DAILY FILM DOSE: A Daily Film Appreciation and Review Blog: Southern Comfort

Monday 7 March 2016

Southern Comfort

Walter Hill’s Cajun siege picture, for a long time barely registering on the cultural radar, for cinephiles now sits nicely in the highly influential late 70’s-early 80’s period of Hill’s filmography. At once a retelling of the wolfpack themed pictures Hill nearly perfected around this time ('Alien', 'The Warriors', 'The Long Riders'), but also sharp allegory to American foreign policy, 'Southern Comfort', like all of Hill’s films resonates on multiple levels – historical and social commentary, cinematic legacy and a good old fashioned movie thrills.

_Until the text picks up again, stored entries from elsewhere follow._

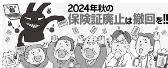
マイナ保険証の利用率がわずか5%なのに、現行の健康保険証を廃止するのは無謀です (全国保険医団体連合会掲載許諾済)

答 底は浸透式で、コンクリートで固められないので、環境に配慮して刈取りをしている。
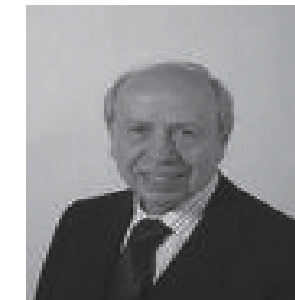
L'autore della prima riforma che ha affossato la pensione pubblica: Lamberto Dini!!!

raggiunta «quota 95», con 59 anni di età, dal 1° gennaio 2011 l'età pensionabile raggiungerà i 60 anni, con
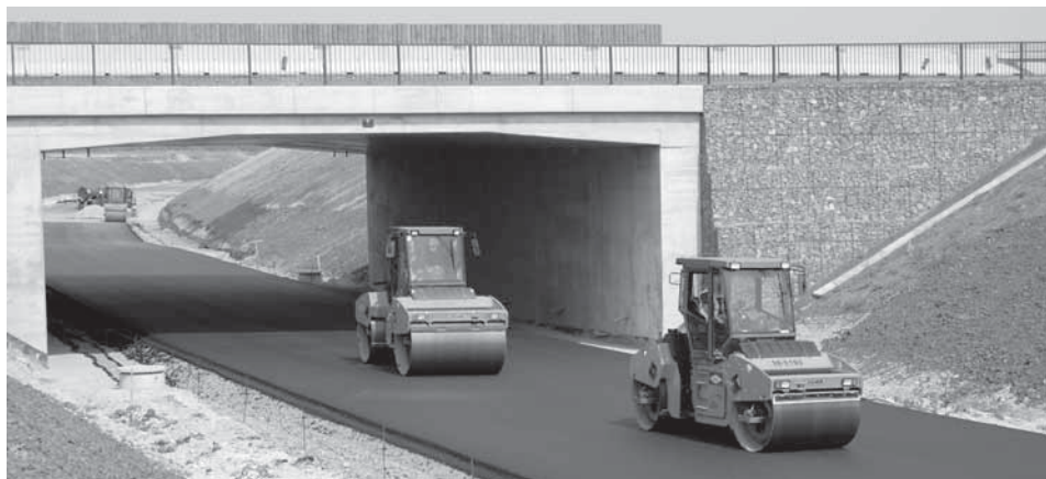
Z posledních týdnů výstavby obchvatu.

Obec Líbeznice po letech velké dopravní zátěže mění tvář. Proměnou prochází Mírové náměstí i Chrupavka. V úterý 22. listopadu 2011 zahájilo zasazení prvního stromu Na Chrupavce parkovou úpravu lokality u zdravotního střediska a zároveň Mírového náměstí. Ještě do Vánoc přibude v Líbeznících celkem 28 nových vzrostlých stromů v obou parcích. Úpravě lokality Na Chrupavce předcházelo na konci léta odklizení více než jednoho tisíce tun navážky.
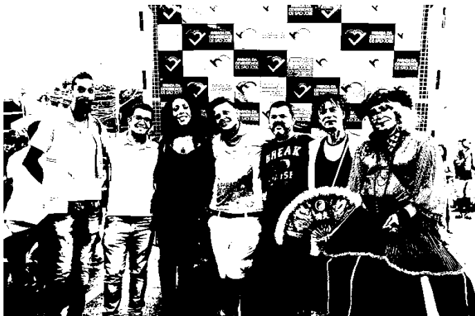
Fotografia 25: integrantes do Movimento LGBT (UNALGBT, ADEH e Instituto ROMA) durante a V Parada da Diversidade de São José, 2016, juntamente com representantes do poder público (Secretaria Estadual de Segurança Pública) e do executivo municipal (Secretaria de Cultura e Turismo de São José. SC).
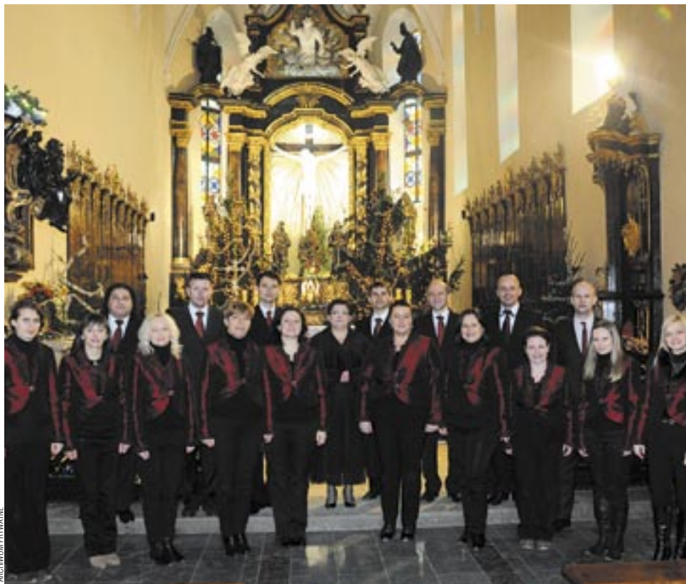
Kołędowe tournée po Kresach na długo zapadnie w serca członków Chóru Kameralnego. Na zdjęciu – występ w pięknej katedrze w Kamieńcu Podolskim.

Członkowie Sanockiego Chóru Kameralnego składają podziękowania za pomoc w organizacji wyjazdu Burmistrzowi Miasta Sanoka, Staroście Powiatu Sanockiego i Wójtowi Gminy Sanok.
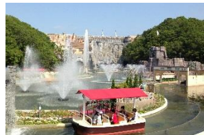
「フェリスクルーズ」
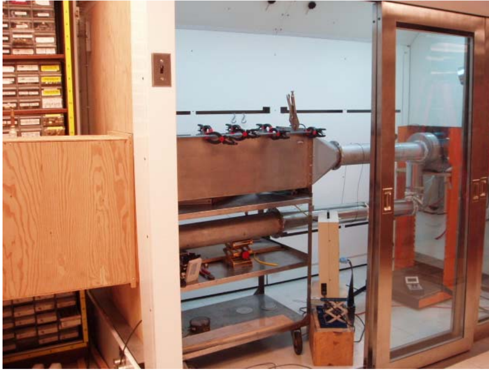
Figure 1 : Chambre d'empoussièrement actuelle
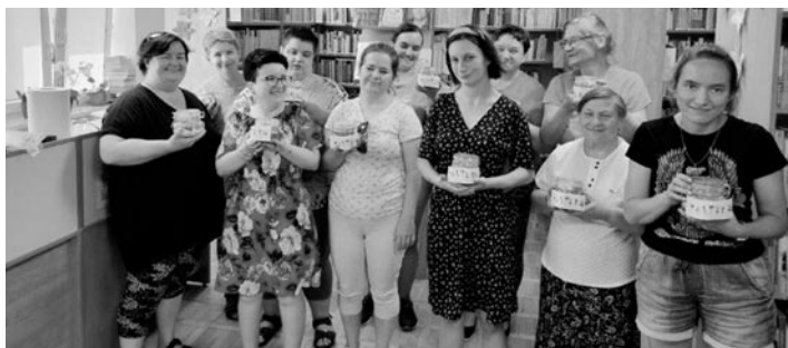
Przetwory to samo zdrowie
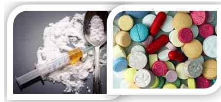
Gambar 2: Kokain dan ekstasi
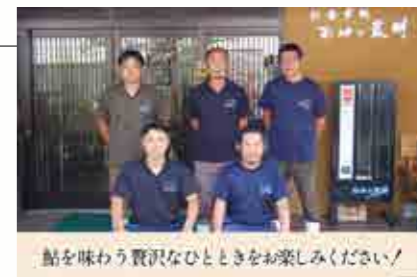
鮎を味わう贅沢なひとときをお楽しみください!
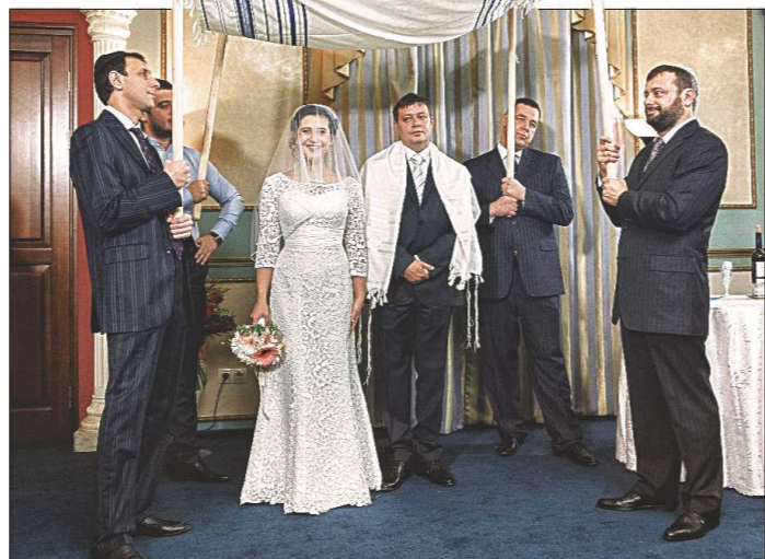
Еврейская свадьба – очень интересный обряд. Мужчины поднимают хупу (балдахин) или талит – покрывало, которым накрываются во время молитвы. Под ним стоят жених с невестой, раввин зачитывает специальный текст, тоже выверенный веками, спрашивает о согласии на брак молодожёнов, всё скрепляется подписями. А потом молодой муж разбивает стакан и растаптывает его на мелкие крошки – это символ того, что Храм наш разрушен, но вера – осталась!

Ингредиенты – филе сельди – 150 граммов, яйца – 2 штуки, яблоко зелёное – 50 граммов, сливочное масло – 70 граммов, лук – 70 граммов, ломтик ржаного хлеба – просто перемалываются в блендере или мясорубке. Отметим, что в каждой еврейской семье есть свой фирменный рецепт этого блюда, неизменны только масло и сельдочка.
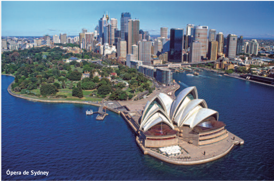
Ópera de Sydney
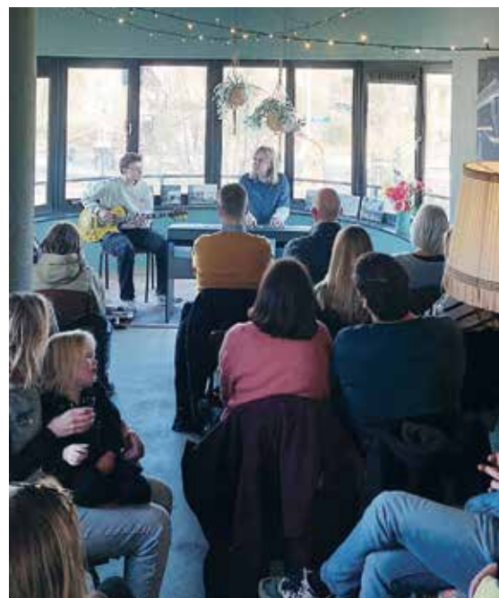
Het is druk in het seinhuis

Gluren bij de Buren heeft dus heel wat bewoners uit Tuindorp-Oost op
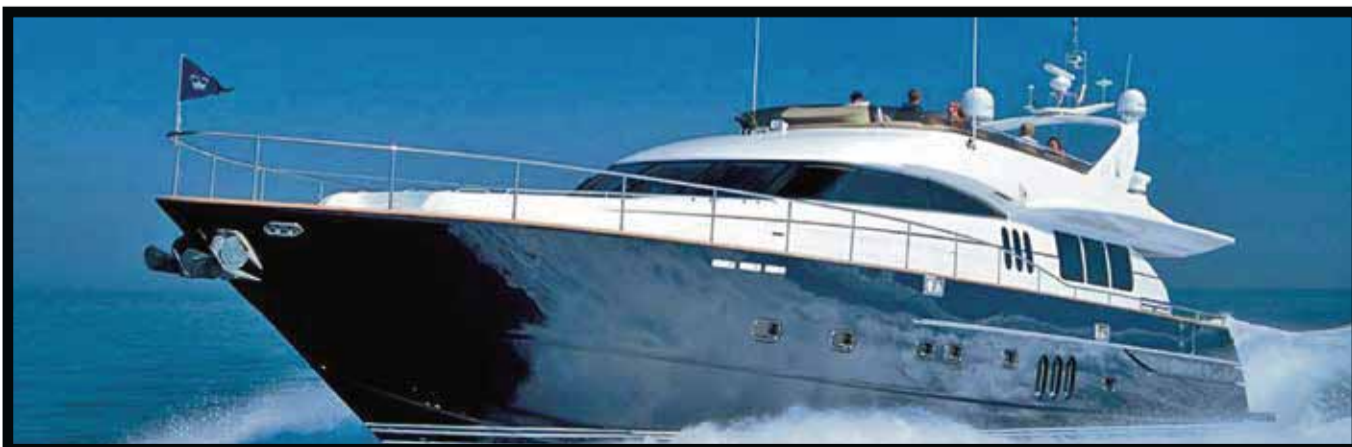
Este año, Princess Yacht celebra su 50 aniversario.
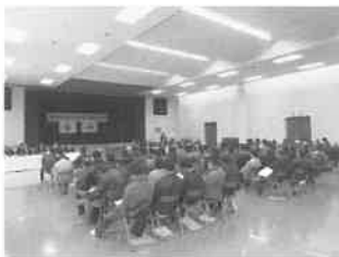
会場 多目的研修センター
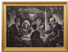
「ジャガイモを食べる人々」
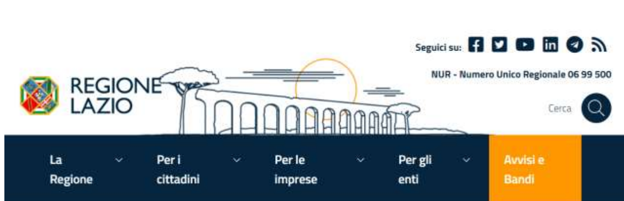
Fig. 2.3 – Articolazione del menù principale del portale istituzionale della Regione Lazio

Il portale regionale rappresenta uno strumento particolarmente completo che consente una facile fruizione di contenuti differenziati in base alla tipologia di utenza selezionata, in grado di sostenere un'azione informativa e comunicativa efficacemente mirata dell'Amministrazione regionale.
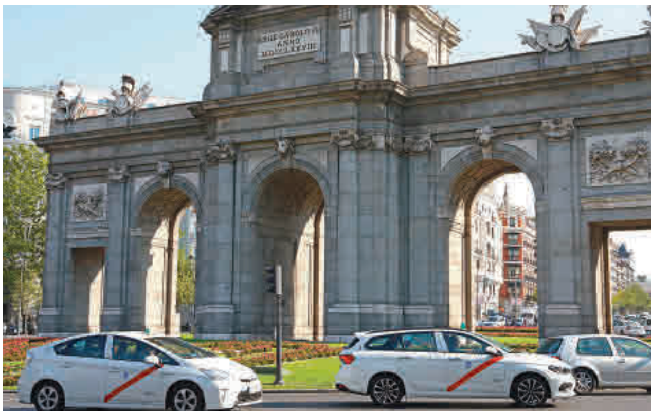
Varios taxis transitan por el entorno de la Plaza de Cibeles
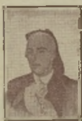
Pedro Romero, 1801.

Parar los pies y dejarse coger, ese es el modo de que el toro se consienta y se descubra bien para matarlo.
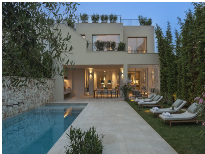
Casa por la noche
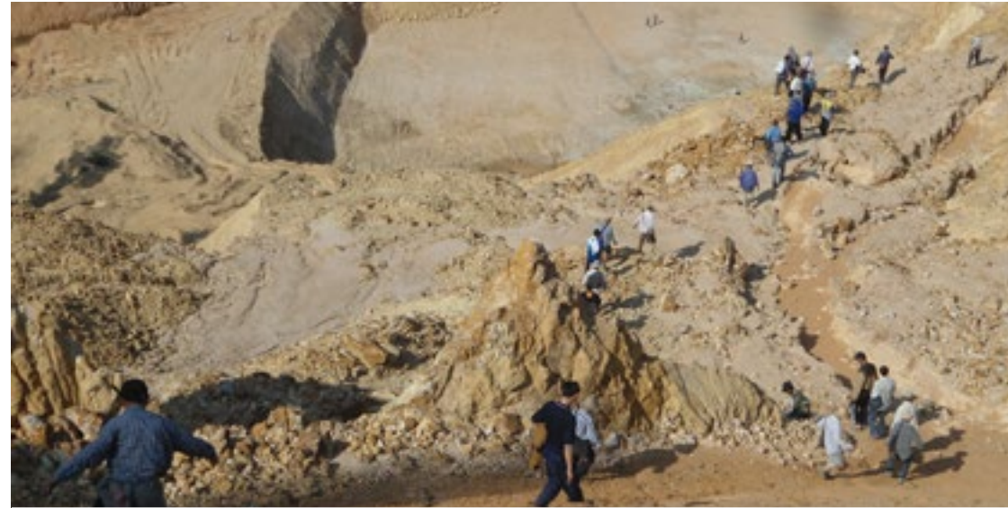
လွယ်ခမ်း(ရွှေတောင်) သို့ ရွာသူ၊ရွာသားများသွားရောက်လေ့လာ

ရွှေတူးဖော်ရေးလုပ်ငန်းရပ်တန့်စေရန်တောင်းဆိုချက်ကိုဆက်လက်လုပ်ဆောင်နိုင်ရန်တွက်ရွာသားများလွန်ခဲ့သည့်နှစ်အတွင်းလက်တွေ့ဖြစ်စဉ်များကိုမှတ်တမ်းတင်ခါသတင်းအချက်အလက်ကိုဤစာအုပ်ငယ်ကစုဆောင်းတင်ပြထားသည်။
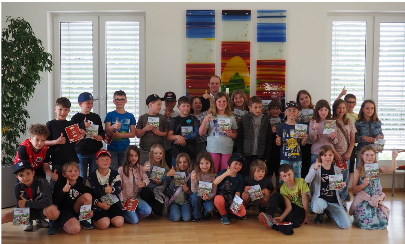
Die Kinder der 3. Klassen der Volksschule informierten sich bei Bürgermeister Ing. Gerhard Gebeshuber im Sitzungssaal der Gemeinde Nußbach über die vielfältigen Aufgaben der Gemeinde.

Ferienprogramm 2026: Bitte beachten Sie die Innenseiten dieser Ausgabe mit den diesjährigen Aktivitäten für die Kinder!
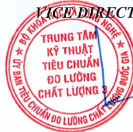
Phan Thành Trung

1. Các kết quả thử nghiệm ghi trong phiếu này chỉ có giá trị đối với mẫu do khách hàng gửi đến và không phải là giấy chứng nhận sản phẩm.
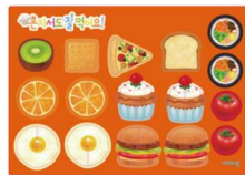
종이 음식 모형
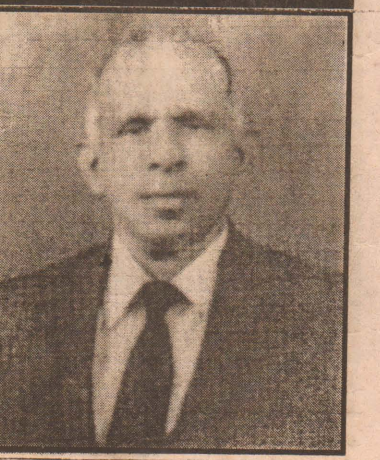
(இந்தக் குறிப்புக்களை எப்பொழுதுமே தமது வாகனங்களில் வைத்துக் கொள்ளும்படி வாகன ஓட்டிகளை திரு பேரின்பநாயகம் கேட்டுள்ளார்.) (பி)

4. பாதிக்கப்பட்டவருக்கு காப்புறுதி நிறுவனத்தினால் வழங்கப்படவேண்டிய தொகையை நிர்ணயிக்க முடியாமல் போகும்.
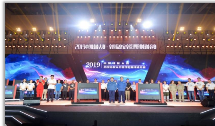
2019中国技能大赛—全国信息安全管理职业技能竞赛（国家级二类赛）
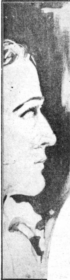
Ἦταν ὁ κόμης Μοντεχρήστος!..
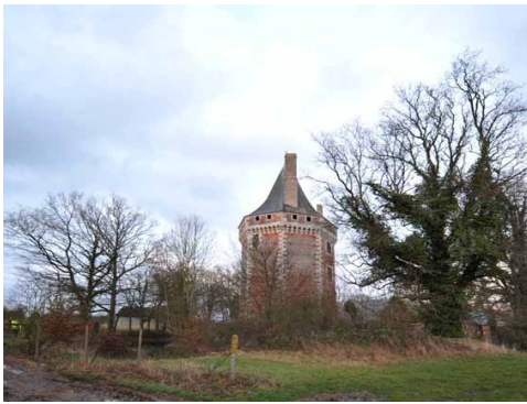
La tour de Thevray
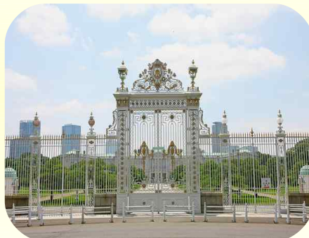
赤坂迎賓館 (車窓見学)
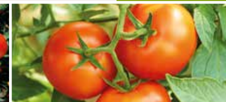
6η ταξιανθία έως κλείσιμο καλλιέργειας
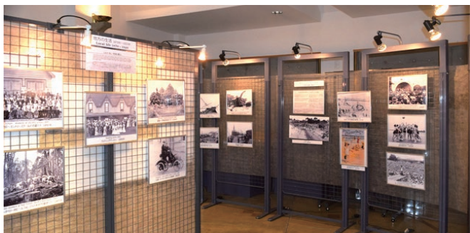
▲過去の展示の様子

姉妹都市ニュージーランド・ティマル市の歴史に関する写真展です。マオリの人たち、イギリスからの移民、街並みの移り変わりなど約30枚の写真パネルでご紹介します。
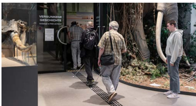
Besuch von BBSV und AG Barrierefreiheit in der neuen inklusiven Ausstellung „Versunkene Geschichte“ im Reiss-Engelhorn-Museum.

Die Arbeitsplatzbeschreibung der Beauftragten für die Belange von Menschen mit Behinderungen (BBMB) umfasst als Kernelement, sich in die größeren Stadtentwicklungsprojekte, in strategische Herausforderungen der Stadtverwaltung und Stadtpolitik, die sich mit Barrierefreiheit und Inklusion befassen, einzubringen.
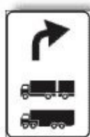
F.350 PREAVVISO DEVIAZ. CONSIGLIATA AUTOCARRI
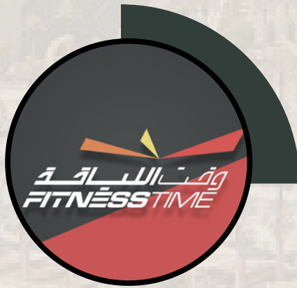
وقت اللياقة 1 كم
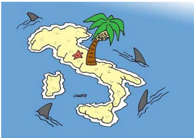
L' ISOLA DEL TESORETTO

I dubbi sorgono spontanei e, in questi giorni, non sono sorti solo a noi di Forza Italia , ma anche ad organismi tecnici specializzati come l'Ufficio Parlamentare di Bilancio o il servizio bilancio del Senato.
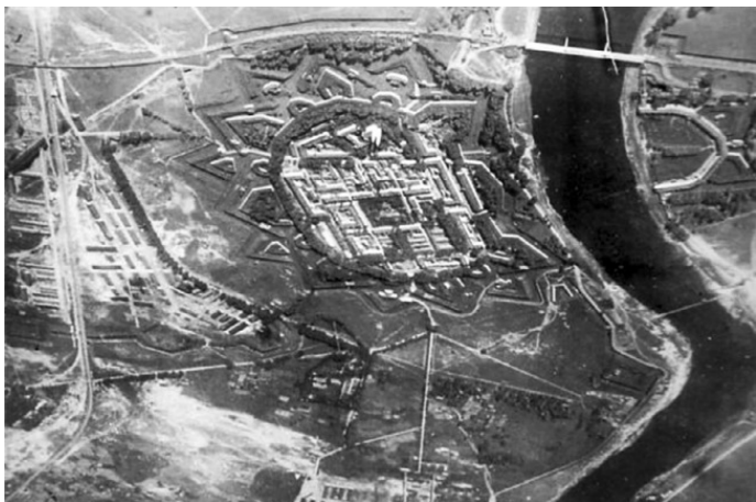
Крепость Двинск. Фото с германского цеппелина. 1917 г.

Отряду были приданы три железнодорожных состава, насчитывающие семь классных пассажирских вагонов для личного состава, товарные вагоны с боеприпасами, две платформы с легкими пулеметными бронемашинами и две платформы с трехдюймовыми орудиями. Один эшелон был вспомогательный. В нем находилась хозяйственная часть, три автомобиля (два грузовых и легковой), лошади, обоз и горючее. Все классные вагоны имели по четыре специальных пулеметных стола, расположенных в концах вагонов. Командиром и одновременно комиссаром отряда на общем собра-
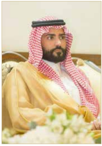
الأمير سلطان بن أحمد
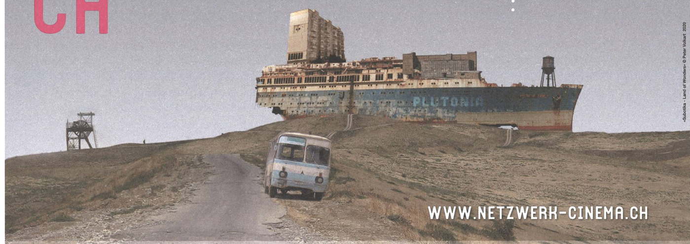
«Subotika - Land of Wonders»

FILM STUDIEREN AUF MASTER- UND DOKTORATSSTUFE · FILMWISSENSCHAFT · FILMREALISATION

Southern Comfort (1981) dir. Walter Hill
Starring: Keith Carradine, Powers Booth, Fred Ward, T.K. Carter, Peter Coyote

By Alan Bacchus

Southern Comfort comes at the end of a unique period in the Walter Hill’s career, the 70’s cinematic mentality of character-based genre films with a socio-political conscience. After penning a number of early 70’s thrillers, including Sam Peckinpah’s The Getaway and after his directorial debut in 1975’s Hard Times, Walter Hill engaged in an impressive run of four films from 1978 to 1981, The Driver, The Warriors, Alien (only written and produced) and Southern Comfort. Each of these pictures influential and memorable in their own ways, but with Southern Comfort unfortunately left off the radar.

In the Shout Factory Blu-Ray special features Hill is self-analytical enough to admit Southern Comfort retells the same story he’s written into many of his other pictures, a pack hunting group of soldiers playing cat and mouse with a largely unseen enemy in a claustrophobic isolating environment. It’s easy to see how the basic elements of Alien and The Warriors get transplanted into Southern Comfort. And yet Hill and his picture exemplifies why this kind of cinematic recycling is essential to the audience’s enjoyment of the film.

Hill’s grey-shaded heroes are comprised of National Guardsmen on a weekend training mission, with each character fitting their archetypal requirement: Peter Coyote as the commanding leader who is killed off early by the gun of a Cajun local; Keith Carradine as the ‘everyman’ who comes to take the lead for the group once the formal chain of command falls apart; Fred Ward and Lewis Smith as the antagonizing brats whose kill-or-be-killed superiority attitude comes at odds with the humane/moralistic side of the group; and T.K. Carter and Franklyn Seales, black men who feel out of place in the often racist white power struggle at play.

Instead of the gang-infested streets of New York or the dark metallic confines of a space ship, Hill’s alien environment here are the swamps of the Louisiana Bayou. Immersive realism is the visual palette employed, Hill’s actors trudge through the muck and water for the entire film, presumably beaten down by the arduous Lousiana heat as well. DP Andrew Laszo and the film’s production designers aid in creating a palette of muted browns and greens, rich compositions framed from the hanging branches of bayou cypress trees down to the eerie still waters of the swamp itself.

It’s a familiar journey and escalation of events which begins with a standard military exercise and quickly turns into real-world battle both internal and external to the group. Hill at times relies too heavily on these archetypal relationships to push the conflict. But Hill’s expertly assembled group of players feels like a who’s who of 1980’s character actors admirably chews every line delivered with gusto. The film also has the misfortune of sitting in the shadow of Deliverance (1972) and First Blood (1982), two superior elemental thrillers made with even greater authenticity and more intense cat and mouse action.

But Hill’s intense third act finale, wherein survivors Carradine and Booth find refuge in a Cajun township and engage in one last fight for survival, is a marvel of visual storytelling and one of the best technically-crafted sequences in his filmography. Ry Cooder’s thumping zydeco jiggy creates a pulsing musical rhythm against which Hill creates his thrilling final confrontation. The scene is influenced from the best of the Western genre sundown showdowns of heroes and villains, and edited with the same Peckinpah-influenced montage style pace of editing Hill would repeat in many of his films. By the time Keith Carradine blows away the terrifically-mustached Sonny Landham at the end our fingers are nails-deep into our armchairs with tension.